Les images sont belles, et il faut le reconnaître, le pic de Bugarach est un endroit magnifique. Selon les géologues, il s’agit d’une montagne « inversée », les couches s’étant « retournées » suite à un bouleversement tellurique. Nous entrons dans le vif du sujet par une interview fort sympathique du boulanger du village (190 habitants) qui commente d’un ton rigolard le buzz qui se développe actuellement autour de sa commune. Car il est bien certain que les modestes capacités d’accueil du lieu seront largement insuffisantes pour faire face à l’afflux de candidats à la survie que les médias annoncent en milliers, voire en millions. Le boulanger du reste de conclure, « mais c’est la terre entière qui va se retrouver ici ». Puis le film bascule doucement vers ce qu’on appelle désormais « le next âge », avec sa cohorte de paisibles chamanes, prophètes et autres éveillés qui chantent, prient et dansent (L’un d’entre eux s’appelle « Aigle Bleu »). Ce n’est plus de fin du monde dont on parle, mais de la fin d’un cycle. Il faut se débarrasser de sa vieille enveloppe, s’ouvrir à la nature et à l’amour. Au son des tambourins et avec force plumes et tatouages criards. Quelques parenthèses nous sont proposées. On y voit le chercheur Christian Doumergue crapahuter sur le mont voisin, celui du Cardou, à la recherche d’un tombeau sacré (1). Car la région est riche en Mythes et Légendes et celle de la Tombe Perdue est devenue très populaire. On y croise également le chercheur Jean Blum parlant à mots couverts des lourds mystères de la région et de la malédiction qui plane sur le Bugarach. Il illustre ce dernier point en faisant allusion à l’affaire dite Bettex, du nom (que Jean Blum ne prononce pas) d’un chercheur suisse qui serait décédé après avoir exploré un souterrain de la montagne. Cette affaire, qui trouve sa source dans les écrits d’un auteur de la région (2), est tout à fait intéressante sur le plan de l’anthropologie en matière mythologique. Car bien que ne reposant sur aucun document, elle est régulièrement reprise dans tous les travaux ayant trait au Bugarach et devient au fil du temps un « fait avéré ». Mais le bon sens reprend rapidement le dessus et Jean Blum conteste fortement toute probabilité de fin du monde et donne rendez-vous au public début 2013 pour un apéritif géant.

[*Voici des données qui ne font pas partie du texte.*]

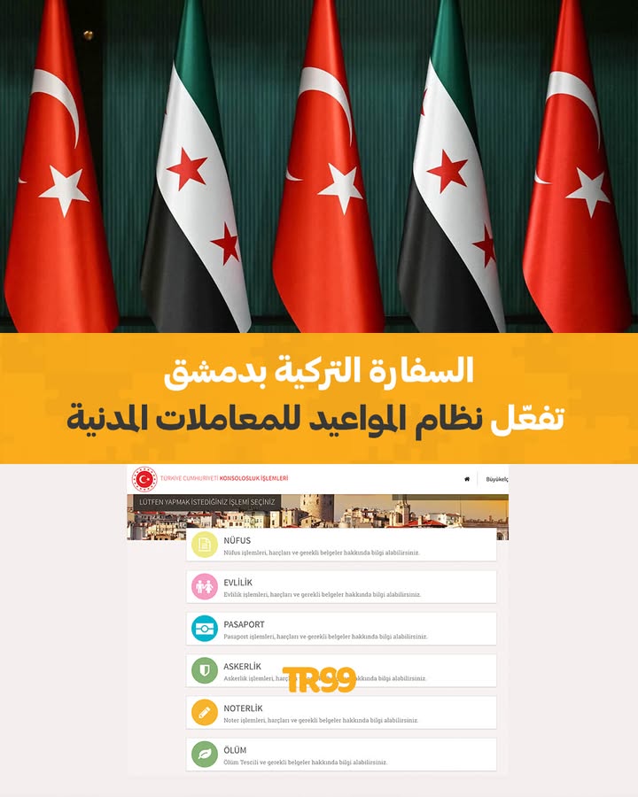 📌فعّلت السفارة التركية في دمشق نظام حجز المواعيد المسبقة لإجراء المعاملات المدنية داخل السفارة، في خطوة تهدف إلى تنظيم سير المعاملات وتسهيل حصول المراجعين على الخدمات القنصلية.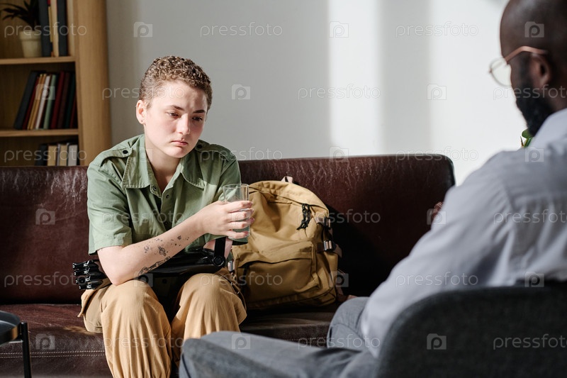 Печальная женщина разговаривает с психотерапевтом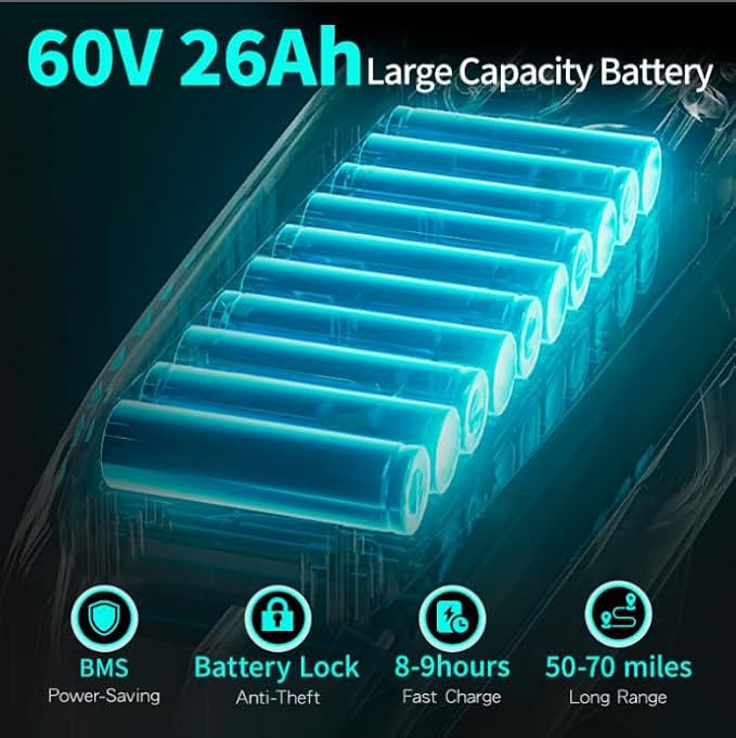- 60V 26Ah Battery: Powered by a 60V 26Ah battery, the e-bike offers an impressive 50-70 miles on a single charge. Equipped with a battery lock and 8-9hours fast charging. The waterproof removable battery allows you to install it while riding, reducing the risk of theft and ensuring long-lasting performance for all your adventures.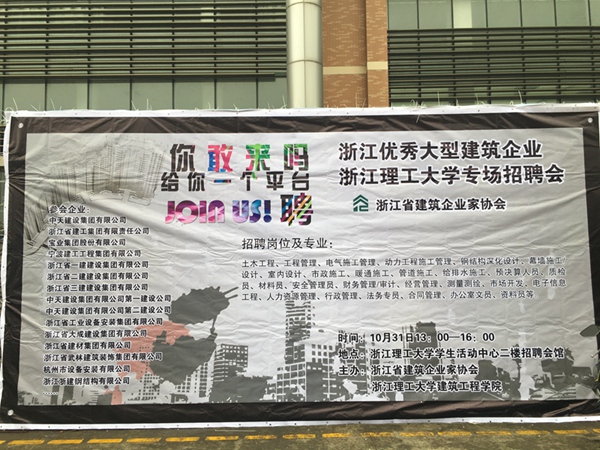 邀请,浙江省建筑企业家协会在我校学生活动中心举办“2016年浙江优秀建筑企业大学生专场招聘会”。全省建筑专业相关企业15家到场参加,提供了26个专业方向的就业和实习岗位200余个,吸引了众多大三大四同学的参与。

Nous sortons de la salle en croisant plusieurs fidèles des « Repas Ufologiques », certainement restés sur leur faim car les OVNIS, pourtant omniprésents dans le légendaire de la montagne, n’étaient pas directement au menu. Pour ma part, la faim sera d’une autre nature : car toute cette affaire se résume simplement en deux affirmations : « D’après le calendrier Maya, la fin du monde est programmée pour le 21 décembre 2012. Seuls eux qui seront sur le Mont Bugarach seront sauvés ». Or de cela, il n’en n’a pas été vraiment question.

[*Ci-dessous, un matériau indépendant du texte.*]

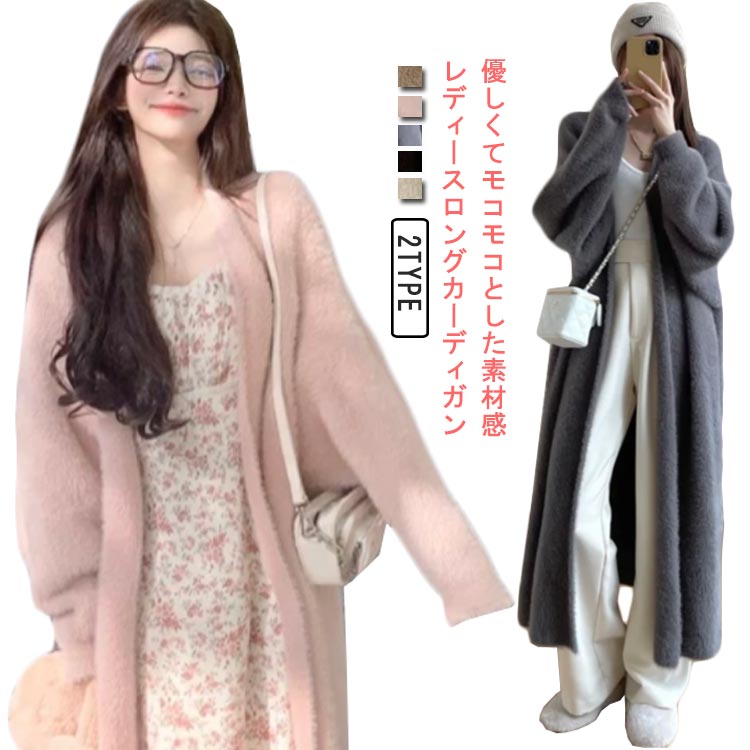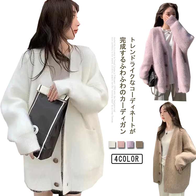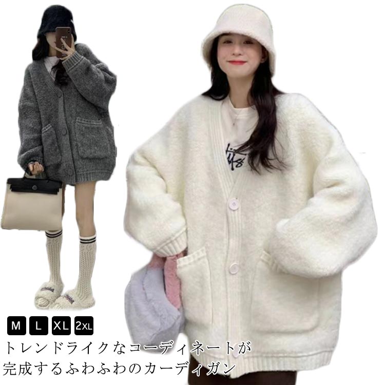 モヘア風 ニットカーディガン ロングカーディガン モコモコ レディース 冬 カジュアル ゆったり カーディガン ふわふわ 20代 トップス 秋 ファー 前開き 暖かい きれいめ 韓国 体型カバー 春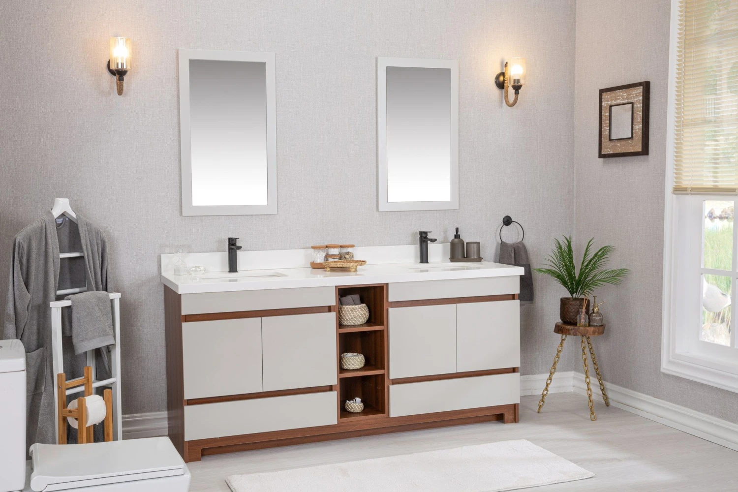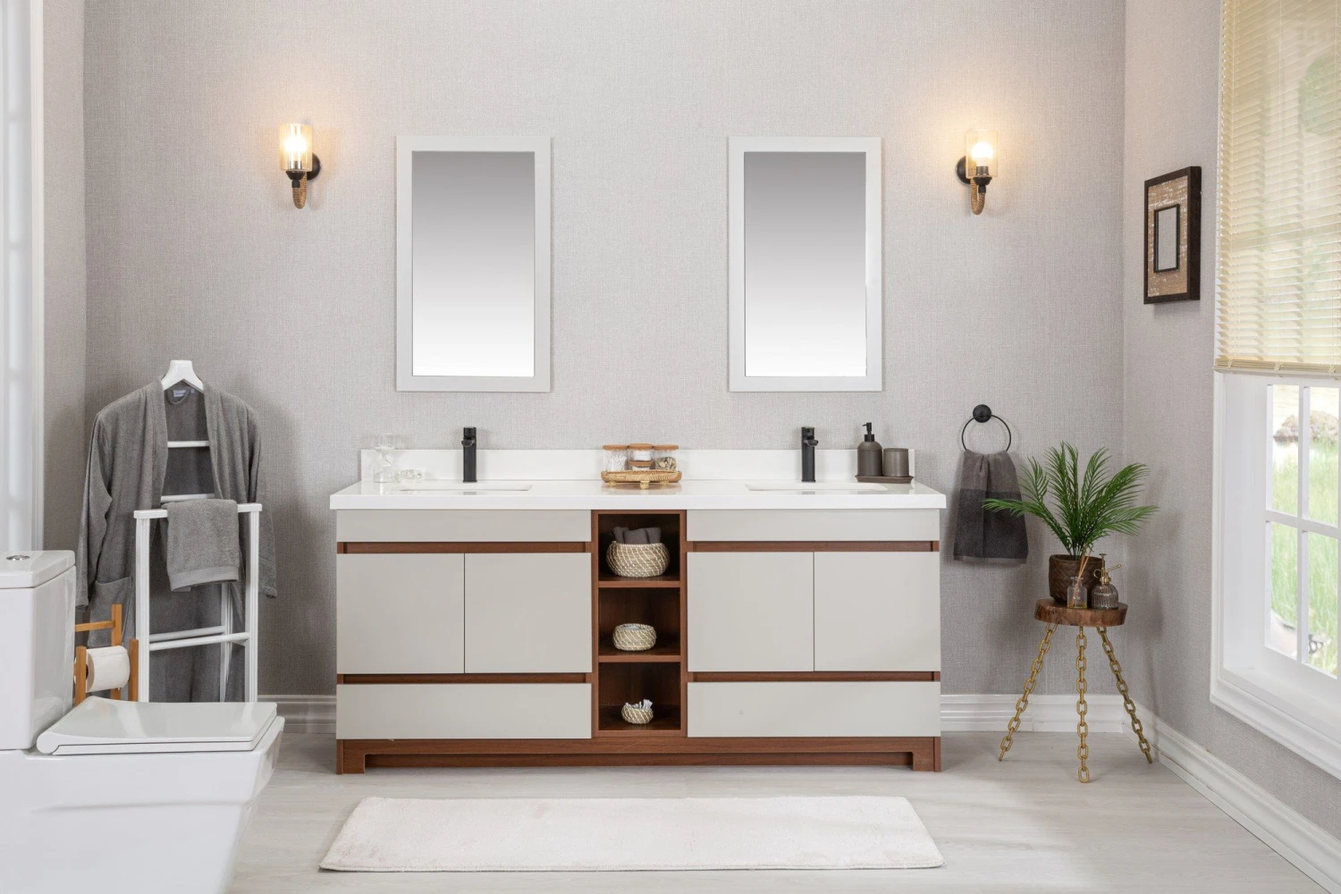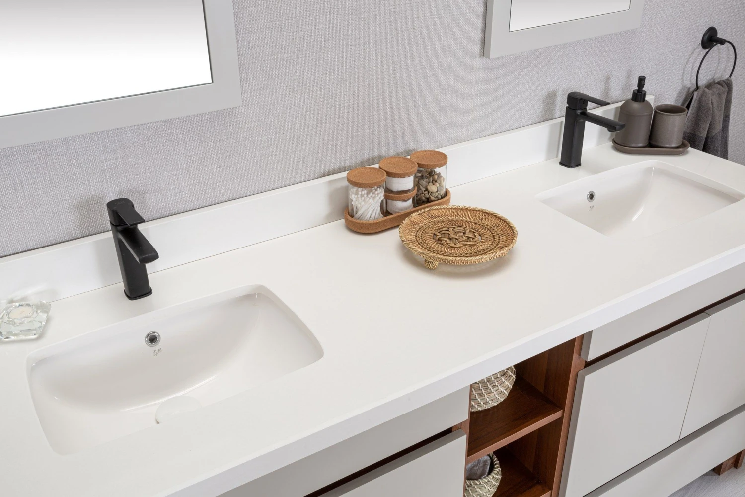 Jussara 3-delige Badkamermeubelset | MDF Met Melaminecoating | Aanrechtblad Van Kwarts

Que dit le calendrier Maya ? Dans un récent article publié sur internet, Yves Lignon écrivait : Parlons en un peu de ce calendrier Maya. Comme tous ses pareils, il est basé sur la notion de cycle puisque la vie de la nature est cyclique. Sa structure est seulement plus complexe que celle que nous visualisons sur l'Almanach du Facteur. Sans doute est-ce la raison qui le rend un peu difficile à manipuler par les amateurs. Oui, d'après le calendrier Maya, un cycle est actuellement proche de s'achever mais, n'en déplaise aux auteurs d'erreurs de calcul volontaires ou non, proche, pour les Mayas, c'est l'an 2220 de notre ère. Et prière de ne pas s'imaginer que, rectification faite, nous ne disposons que d'un sursis de 208 ans pour mettre nos affaires en ordre. Le calendrier Maya ne présente nullement le cycle en question comme devant être le dernier de l'histoire de l'humanité.

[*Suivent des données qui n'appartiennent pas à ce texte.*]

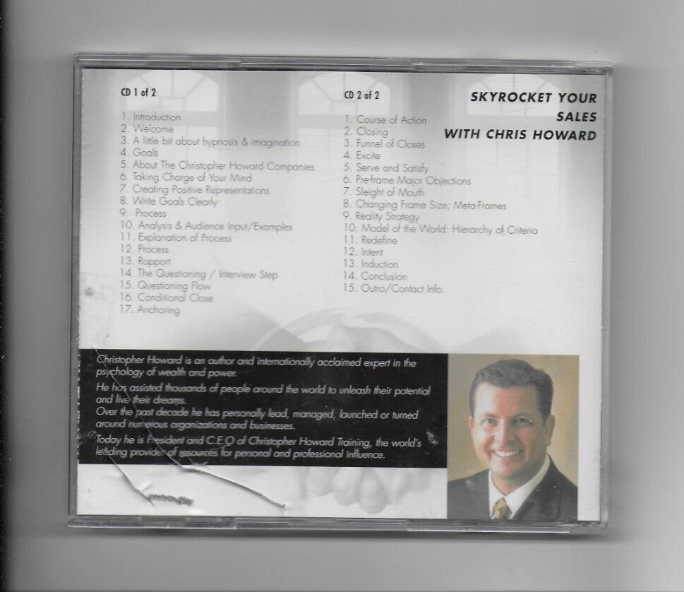 Skyrocket Your Sales with Chris Howard audiobook on CD. 2 CD's in very good condition. CD's play fine. Cracked case. Payment is due within 48 hours of purchase. If payment is not received within 48 hours of purchase, a non payment claim will be automatically filed. For international shipping, please consult Ebay's Global Shipping Program prior to purchasing or bidding. Please visit our Ebay store for more great items. Be sure to add me to your favorites list ! Memo: 9-7

Bon, et quant à l’autre assertion, je pense que leurs « inventeurs » doivent bien rigoler dans l’ombre. Ou peut être mettre au point leurs « stages de survie » pour exploiter l’incrédulité publique. On n’a pas fini d’en parler. Madame Rose, de Rennes-les-Bains, me disait la semaine dernière : « l’impact sur la région va être encore plus fort que celui déclenché par la publication du Da Vinci Code ». Elle n’a pas de soucis à se faire pour le remplissage de ses chambres d’hôte !

Et puisqu’on parle de faim, nous partons avec Marie-Thérèse de Brosses nous réconforter aux « Négociants », un excellent bar à vin du quartier des Gobelins.